Стремление Алстона, как и других упомянутых исследователей, состоит в том, чтобы подчеркнуть сходство между Богом и человеком. Одной из причин этого является то, что если предположить, что Бог есть существо, совершенно непохожее на человека, любые атрибуты, приписываемые Богу, станут несостоятельными. Идея состоит в том, что в случае с людьми мы знаем, что значит принимать решения, познавать различные вещи и действовать. Таким образом, если мы хотим знать, о чем мы говорим, приписывая знание, решение и действие Богу, мы должны подразумевать нечто строго аналогичное тому, что мы имеем в виду в случае людей. Одним из самых крайних результатов этой тенденции среди христианских теологов является теология процесса Чарльза Хартсхорна. Хартсхорн полагал, что средневековая концпеция Бога является несостоятельной и предполагает, что Бога должно рассматривать более как личность, такую, что можно считать, что Бог в состоянии самоизменяться, саморазвиваться, существовать во времени, расширять свое знание, и т.д. Алстон, бывший исследователем Хартсхорна, отвергает эти утверждения, но стремится развивать теологию, сохраняющую утверждения Божественной трансцендентности в сочетании со средневековой теологией, сохраняя как можно больше от личностного взгляда на Бога.

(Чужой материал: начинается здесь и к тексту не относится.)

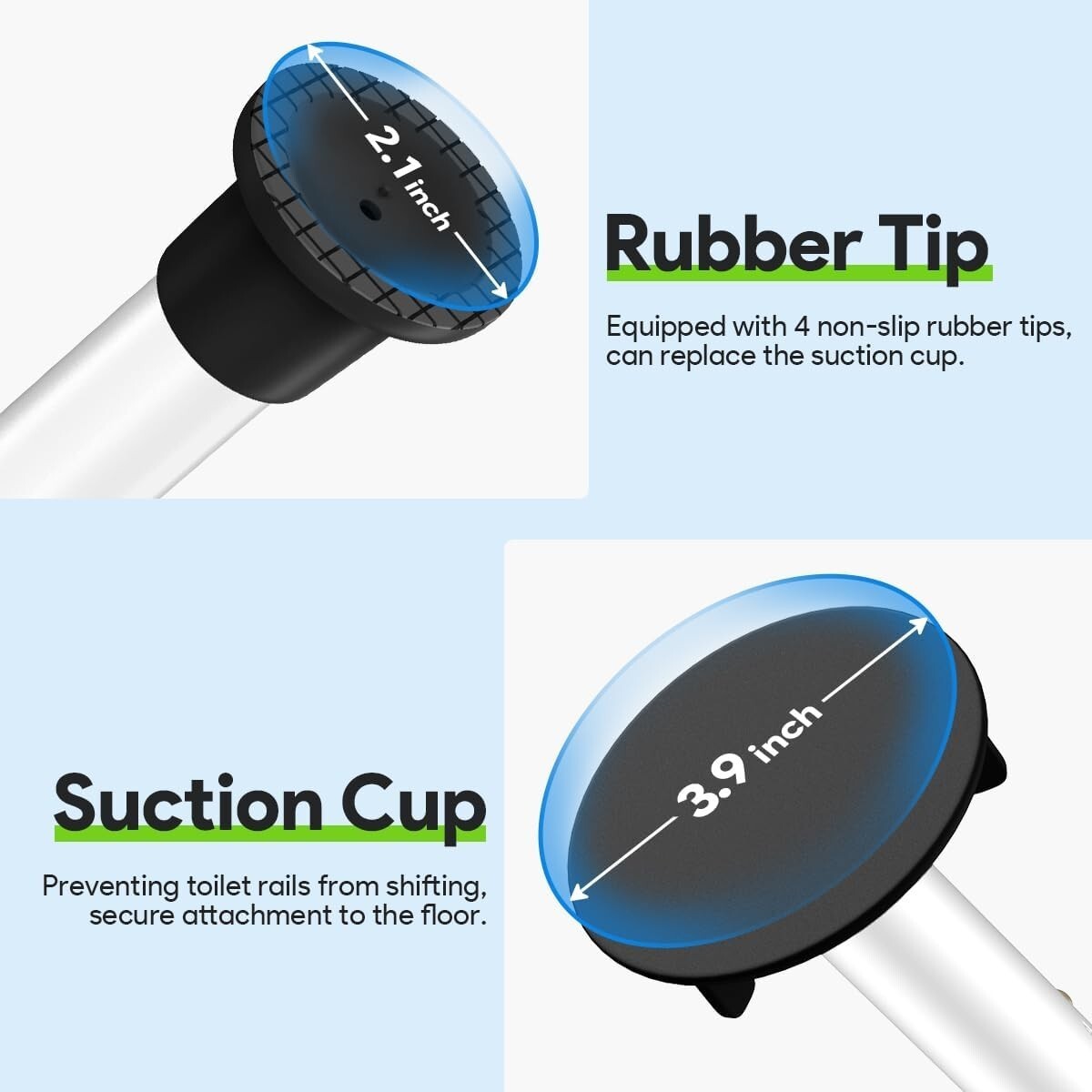 Prevent slips and falls with secure rubber feet and strong suction cups
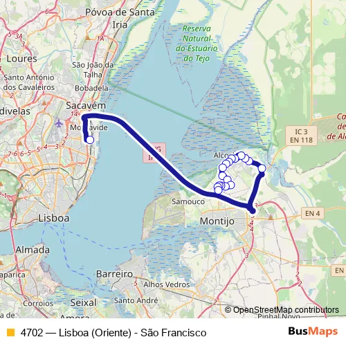 Click here to view the nearest 4702 - Lisboa (Oriente) - São Francisco bus stop.
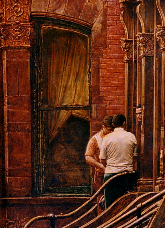 The Fix197118" x 24", oil on masonite large view The complex architecture and iron railings provide a seamy backdrop for the three men, apparently involved in a drug deal. The big dark window invites the viewer to speculate as to what is going on inside. |
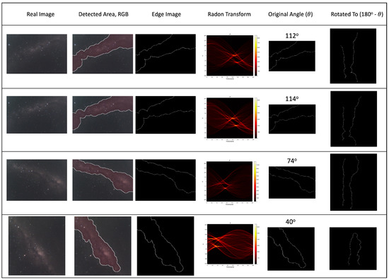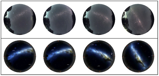 The algorithm was tested on both simulated images and real night sky images. The Bortle scale levels selected for the simulated images that were used for the processing set were 3 and 4. MW brightness and saturation are set as default (brightness: 1, saturation: 1). The simulated test image results can be seen in Figure 14; the first column provides a brighter and more clear MW shape (brightness: 5), which can be used for comparison between the Stellarium MW area and the detected MW area. The real images we used are from a live sky camera located at Mount Burnett Observatory, Australia [46]. Some additional information is provided about the camera in Table 3. In order to illustrate the MW shape clearly, Figure 15 shows the MW area with increased brightness (Stellarium MW brightness set as 5).
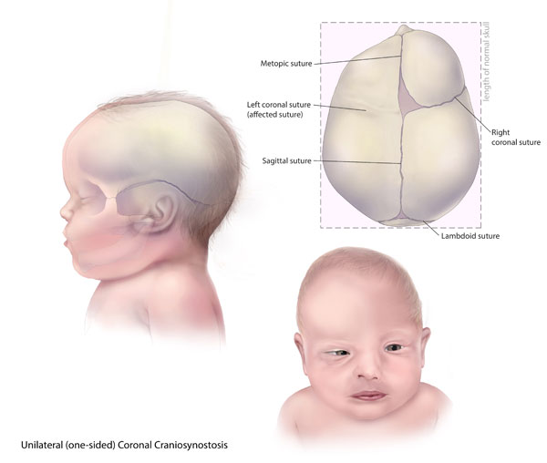 Most people with Saethre-Chotzen syndrome have prematurely fused skull bones along the coronal suture, the growth line that goes over the head from ear to ear. Other parts of the skull may be malformed as well. These changes can result in an abnormally shaped head, a high forehead, a low frontal hairline, droopy eyelids (ptosis), widely spaced eyes, and a broad nasal bridge. One side of the face may appear noticeably different from the other (facial asymmetry). Most people with Saethre-Chotzen syndrome also have small, rounded ears.
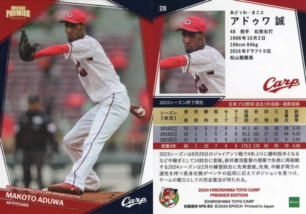 Japanese title: スポーツ/レギュラーカード/2024 広島東洋カープ PREMIER EDITION ベースボールカード 28[レギュラーカード]:アドゥワ 誠
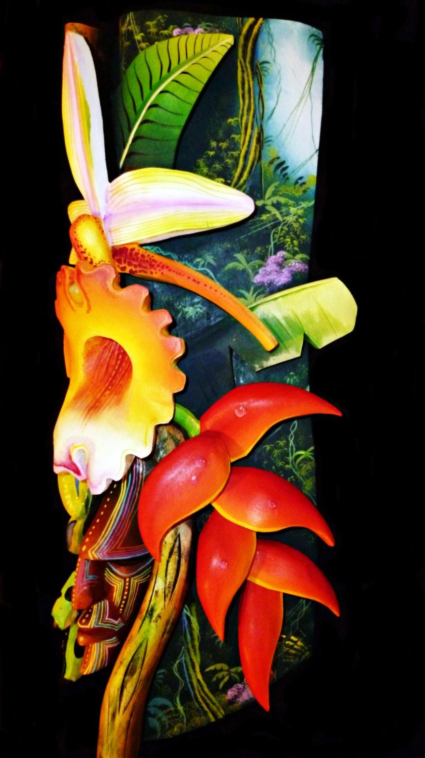 This mask is a representation of the Flora and Fauna of Costa Rica, from an indigenous perspective, adding natural elements of the forest, sunsets, sunrises and other environments are represented in the backgrounds of each mask. This mask can be customized by adding flora and fauna according to the client's wishes.
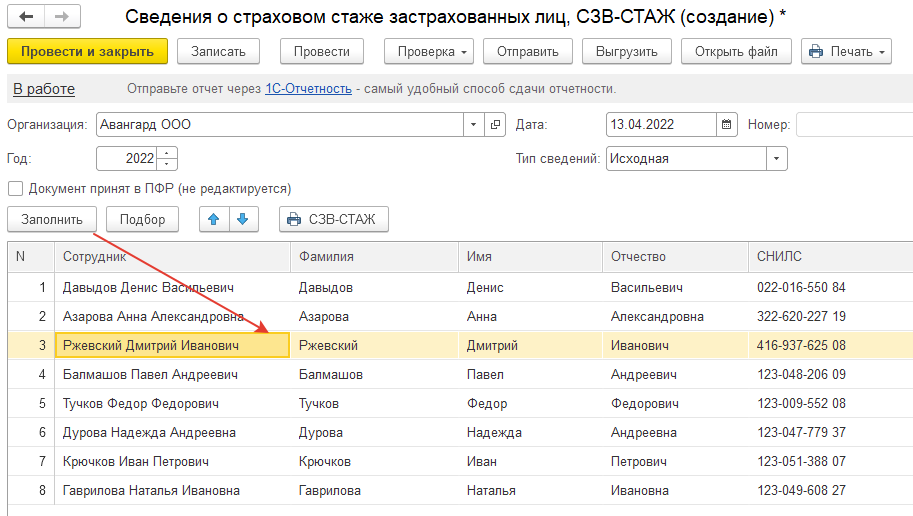 При создании нового документа указывается организация и год, за который предоставляется отчет, тип формы (исходная/корректирующая/отменяющая). Документ заполняется по одноименной команде списком сотрудников, для которых необходимо заполнить сведения о стаже.

Другой причиной уделения внимания личностной природе Бога в современной христианской теологии служит то, что такое видение представляется более соответствующим Писанию. Большая часть современной христианской теологии реагировала на философские атаки на теологию, присутствующие в работах Юма и Канта, полностью отстраняя себя от философии. Принимается, что средневековая христианская теология сбилась с пути, взяв на вооружение греческие философские концепции вместо того, чтобы разрабатывать исключительно концепции, обнаруживаемые в божественном откровении. Этот взгляд оспаривал Роберт Каммингс Невилл, который возражает, что еврейская мысль уже была эллинизирована еще до времени Христа, и что оппозиции между Афинами и Иерусалимом было уделено слишком много внимания[72].

В шиитской теологической традиции также был период, в который некоторые придерживались экстремально антропоморфного взгляда на Бога, но эта тенденция была тщательно оспорена и отвергнута как неортодоксальная на ранней стадии такими учеными, как Кулайни (ум. 329/941) и Шейх Садук (ум. 381/991), которые собрали значительное число преданий от Пророка и Имамов (да будет над ними мир), чтобы на деле продемонстрировать, что антропологический язык, используемый для описания Бога, должен всегда пониматься фигурально. Мысль алламе Табатаба’и должна пониматься как имеющая основания в долгой традиции философской теологии, вдохновленной этими ранними учеными. Это – традиция, в которой ключ к разрешению явного конфликта между разумом и религией следует искать в должной интерпретации. Характерным для должной интерпретации в шиитской традиции является подтверждение преданиями, возводимыми к Имамам (да будет над ними мир), рациональность и частое подчеркивание глубины духовности, ассоциированной с исламским мистицизмом. Однако следует сделать осторожную оговорку относительно применения рациональности к эзотерической интерпретации шиитской традиции. То, что имеется в виду здесь, никоим образом не является концепцией рациональности, бытующей среди эмпириков или философов науки Запада, скорее, представление эзотерических интерпретаций писания в шиитской традиции как рациональных означает, что они вносят вклад в систематическую теологическую картину, написанную с сознательным вниманием к логическим отношениям между концепциями и изложенными доктринами.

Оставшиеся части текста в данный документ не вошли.